INFORMATION SUPPLIED Start Marker
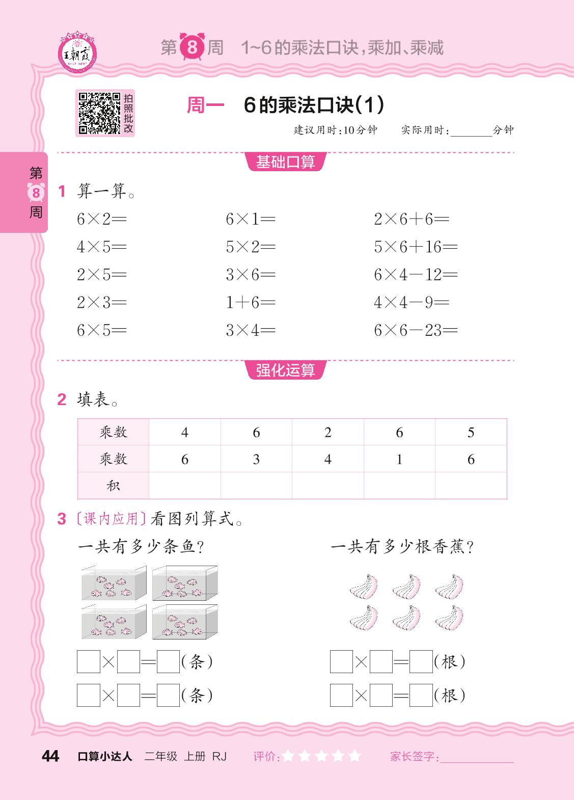 2024秋上册二年级数学人教版 口算计算专练 第8周
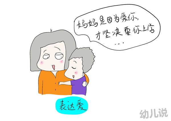 在消退法过程中,比如一个初入园的孩子会因为父母“甩头就走”而感到难过,所以父母在孩子初入园的头一个月或2,3个月内尤其要多陪伴和关注孩子,还可以常常有意无意地给告诉孩子“所有孩子都必须上学,爸妈坚决让你上学不是不爱你,而是因为爱你才让你上学”。这类心理确认会让孩子更快适应新生活。
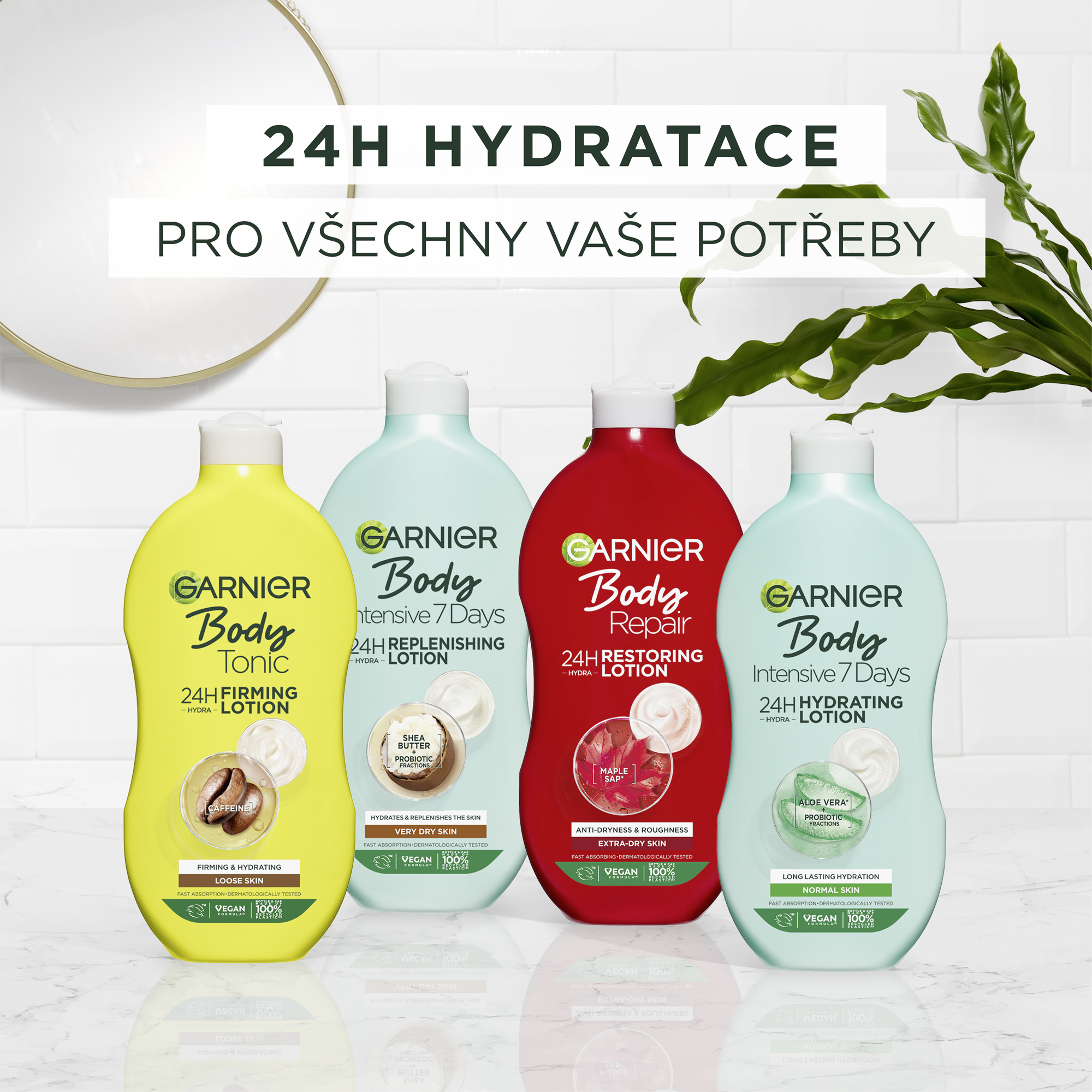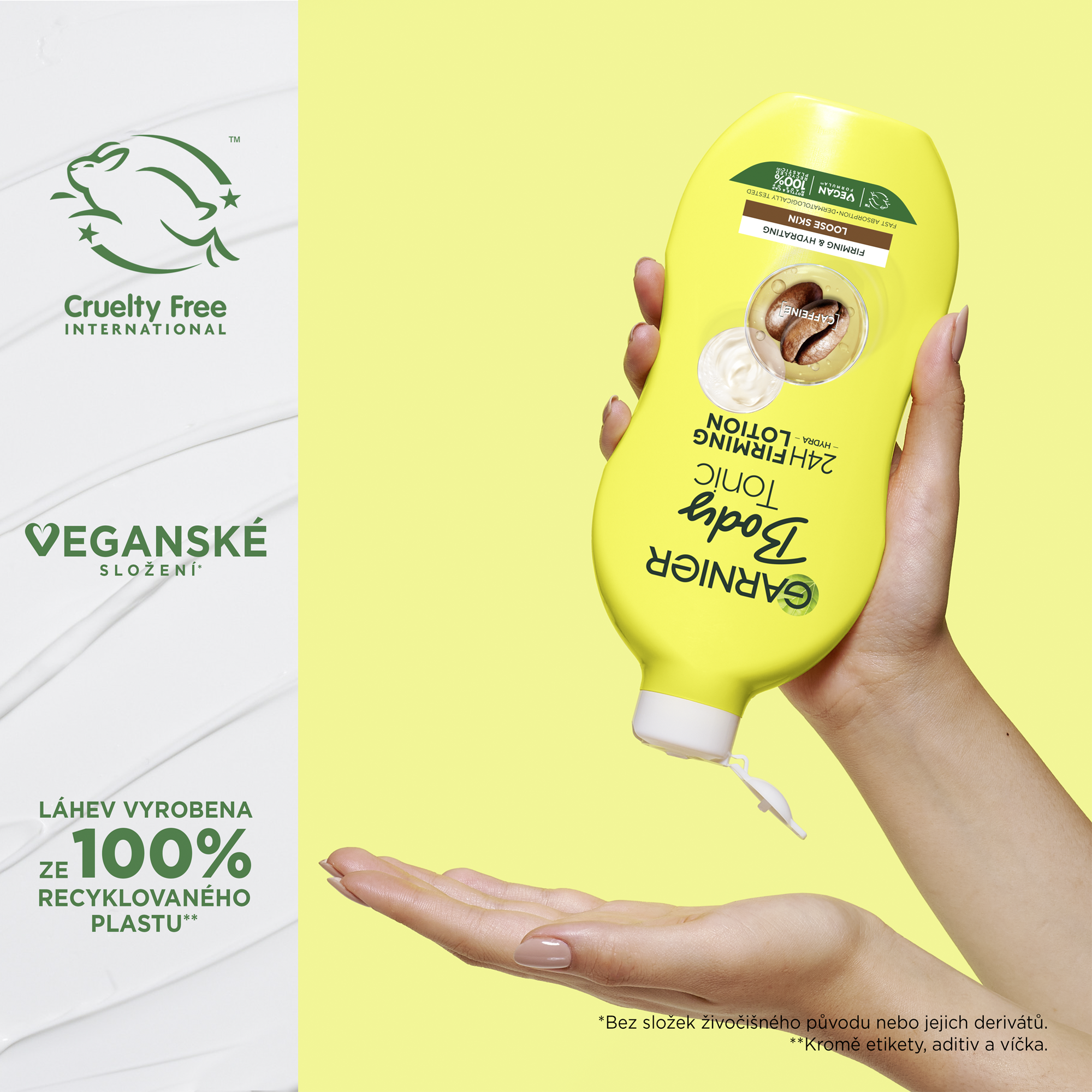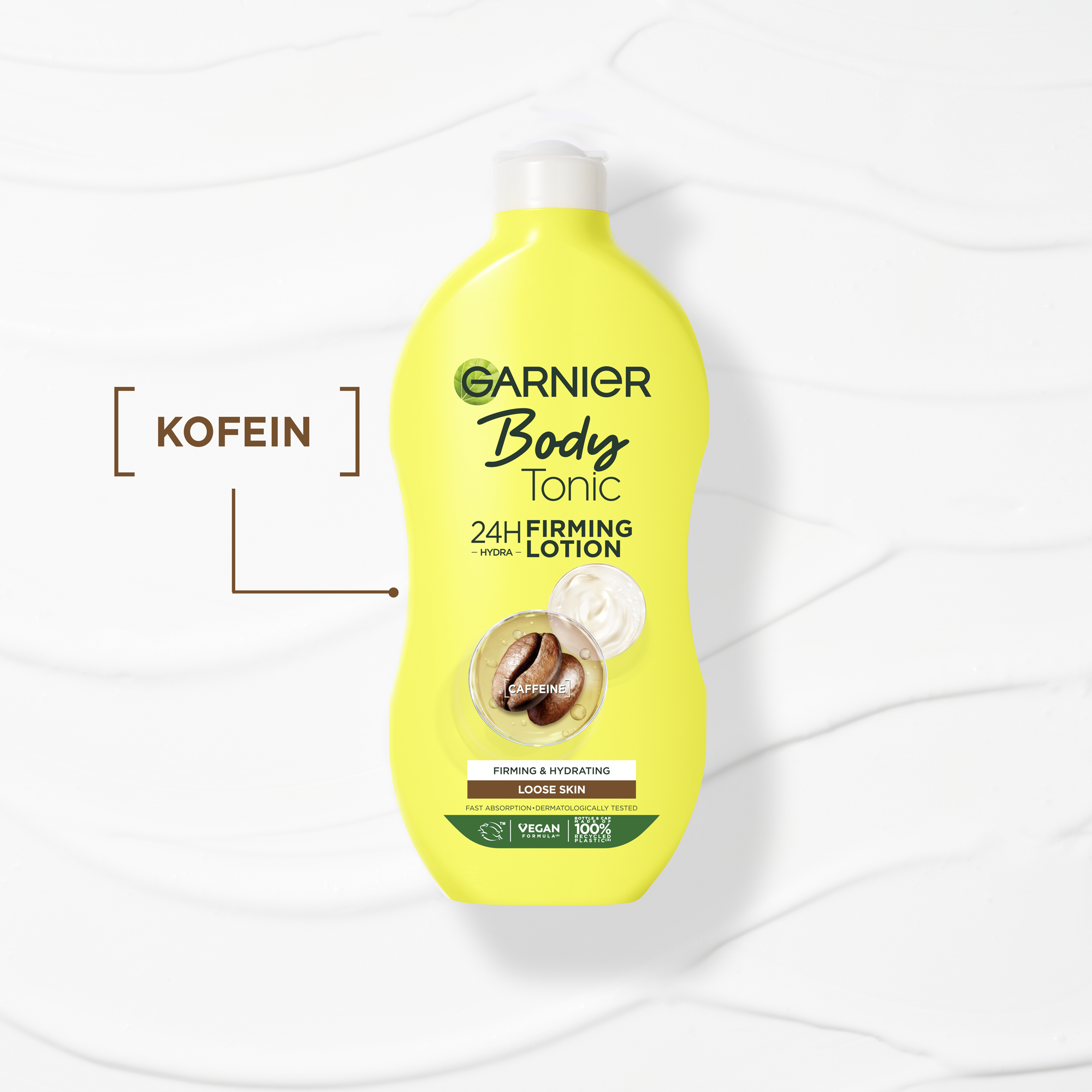 Garnier Body Tonic zpevňující mléko s kofeinem poskytuje 24hodinovou hydrataci. Viditelně vypíná, posiluje a okamžitě zpevňuje pokožku.
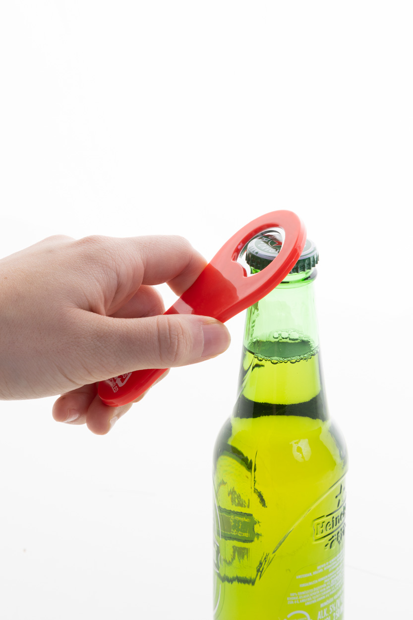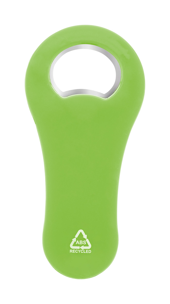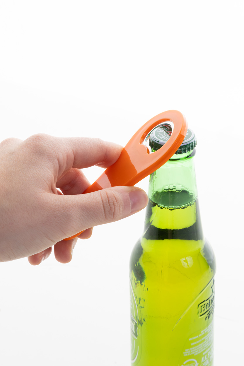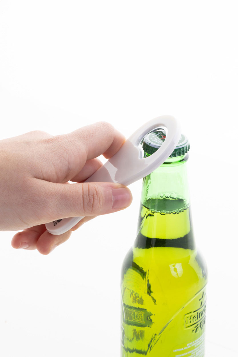 Otwieracz do butelek wykonany z recyklingowanego plastiku ABS z magnesem na lodówkę.
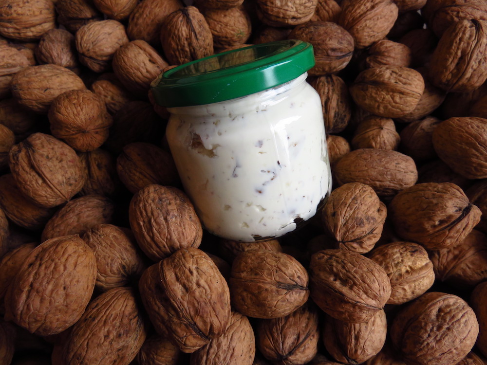 Es folgten lange Jahre ohne Walnusskäse – bis vor einiger Zeit beim Samentausch-Treffen der norddeutschen Frunslüt Salmandra ein Glas voll selbst gemachten Walnuss-Frischkäse mitbrachte.
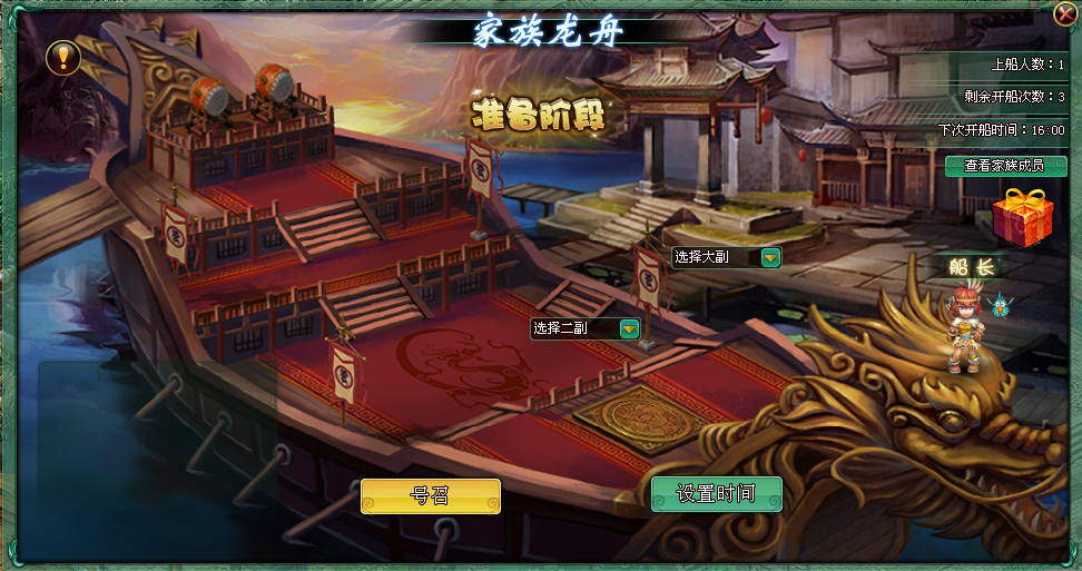 家族长点击龙舟活动界面的【上船】后,可进行家族活动号召。
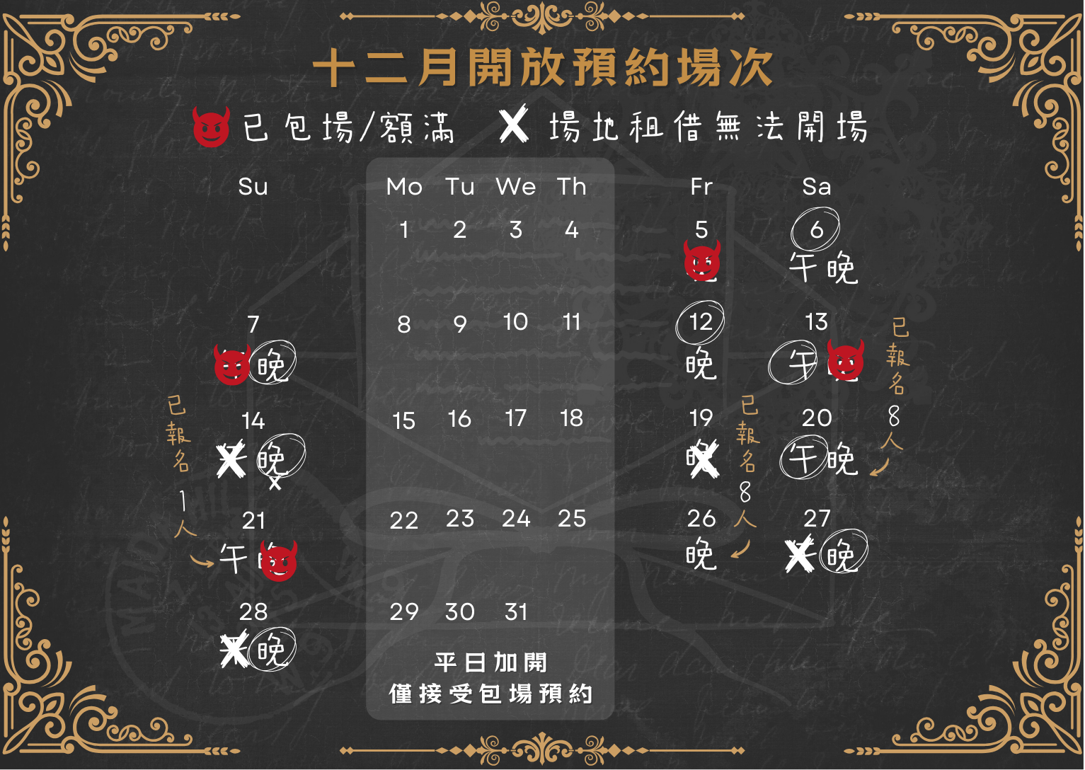 👥 挑戰者人數:10-18人,遊戲推薦人數13人以上(10人成團,如無成團會於兩天前告知,並進行後續處理)
INFORMATION SUPPLIED End Marker
_WORK TASK:_ From the first line above to the line containing "Otwieracz do butelek", repeat each line exactly. Pictures stay out.

_EXERCISE OUTPUT:_
 2024秋上册二年级数学人教版 口算计算专练 第8周
 在消退法过程中,比如一个初入园的孩子会因为父母“甩头就走”而感到难过,所以父母在孩子初入园的头一个月或2,3个月内尤其要多陪伴和关注孩子,还可以常常有意无意地给告诉孩子“所有孩子都必须上学,爸妈坚决让你上学不是不爱你,而是因为爱你才让你上学”。这类心理确认会让孩子更快适应新生活。
 Garnier Body Tonic zpevňující mléko s kofeinem poskytuje 24hodinovou hydrataci. Viditelně vypíná, posiluje a okamžitě zpevňuje pokožku.
 Otwieracz do butelek wykonany z recyklingowanego plastiku ABS z magnesem na lodówkę.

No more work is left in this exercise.